The animal imagery in v. 19 is striking. אַיֶּלֶת אֲהָבִים ("doe of love") and יַעֲלַת חֵן ("graceful mountain goat") evoke beauty, elegance, and tenderness — qualities the husband is to see in his wife. The Hebrew יַעֲלָה is actually an ibex or mountain goat, a creature known for its sure-footed grace on rocky terrain. The frankness of "may her breasts satisfy you" (דַּדֶּיהָ יְרַוֻּךָ) is remarkable — the verb means "drench, saturate" — and reflects the Bible's unembarrassed affirmation of physical pleasure within marriage.

The key word tying this section to the rest of the chapter is שָׁגָה ("be captivated, intoxicated, go astray"), used in both v. 19 and v. 20. In v. 19 it is positive: "may you be ever intoxicated by her love." In v. 20 the same word turns into an accusation: "Why would you be intoxicated by a forbidden woman?" The wordplay is deliberate — the same capacity for passionate abandon that God designed for marriage becomes self-destructive folly when it wanders outside that covenant. This double use is echoed again in v. 23, where the fool "goes astray" by his own great folly.


God Sees All (vv. 21-23)

21 For a man's ways are before the eyes of the LORD, and the LORD examines all his paths. 22 The iniquities of a wicked man entrap him; the cords of his sin entangle him. 23 He dies for lack of discipline, led astray by his own great folly.

21 For a man's ways are in full view of the LORD, and he weighs all his paths. 22 A wicked man's own iniquities capture him; he is held fast by the ropes of his sin. 23 He will die for want of discipline, and by the greatness of his folly he will go astray.

Notes

The chapter's conclusion lifts the discussion from pragmatic consequences to theological reality. נֹכַח עֵינֵי יְהוָה ("before the eyes of the LORD") means that nothing is hidden — not the secret rendezvous, not the rationalizations, not the private thoughts. The verb מְפַלֵּס ("examines, weighs, makes level") is the same root used in v. 6 of the forbidden woman who "does not weigh the path of life." The irony is pointed: she refuses to evaluate her own path, but the LORD evaluates every person's path with perfect precision.

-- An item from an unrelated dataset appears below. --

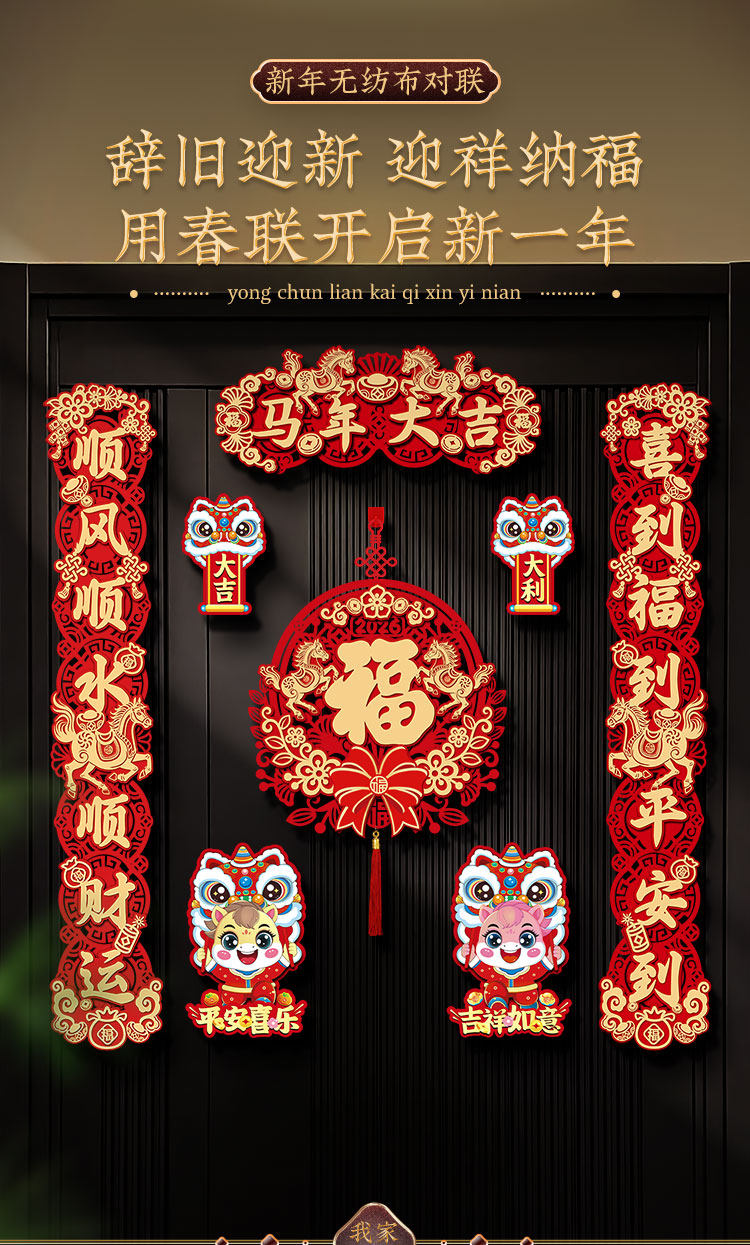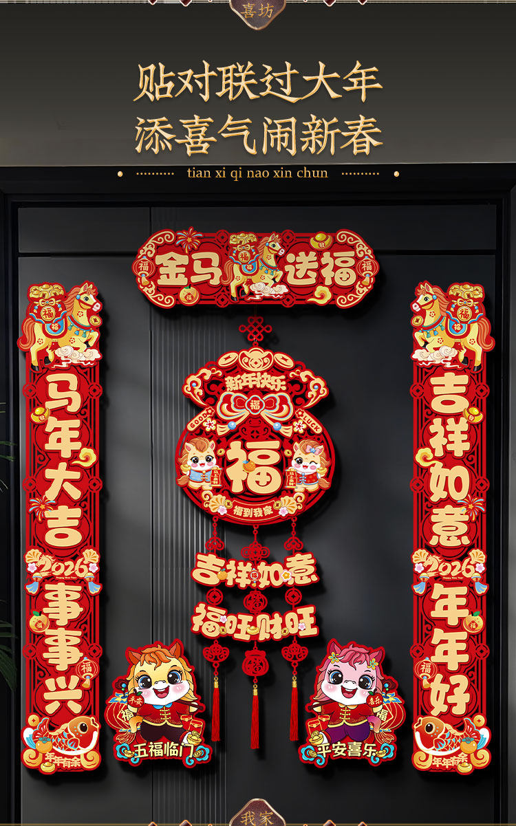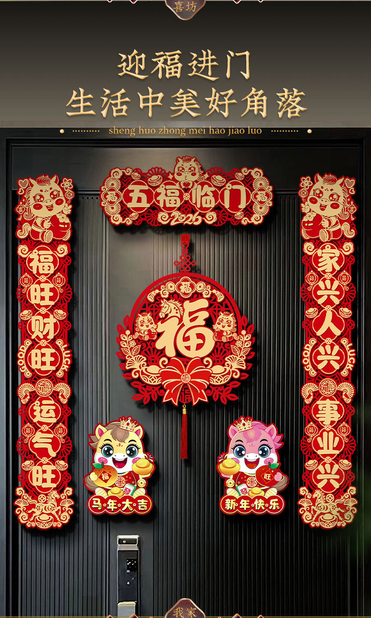 2026新款春節馬年磁吸對聯入戶大門貼福字過年春聯新年門聯裝飾品

Verse 22 uses vivid imagery of entrapment. The sinner is not caught by an external avenger but by his own עֲווֹנוֹתָיו ("iniquities") and חַבְלֵי חַטָּאתוֹ ("cords of his sin"). Sin is self-ensnaring — it creates its own prison. The word חֲבָלִים ("cords, ropes") can also mean "birth pangs," adding a grim overtone: sin brings forth its own painful consequences (James 1:15).

The final verse brings the chapter full circle with שָׁגָה appearing for the third time. In v. 19 it was the blessed intoxication of marital love; in v. 20 it was the foolish intoxication of adultery; here in v. 23 it is the fatal wandering of the undisciplined life. The man who refused מוּסָר ("discipline") — the same word the regretful speaker despised in v. 12 — dies precisely because of that refusal. Wisdom literature consistently teaches that the consequences of sin are not arbitrary divine punishments but the natural, built-in results of moral foolishness, observed and upheld by a God who sees everything.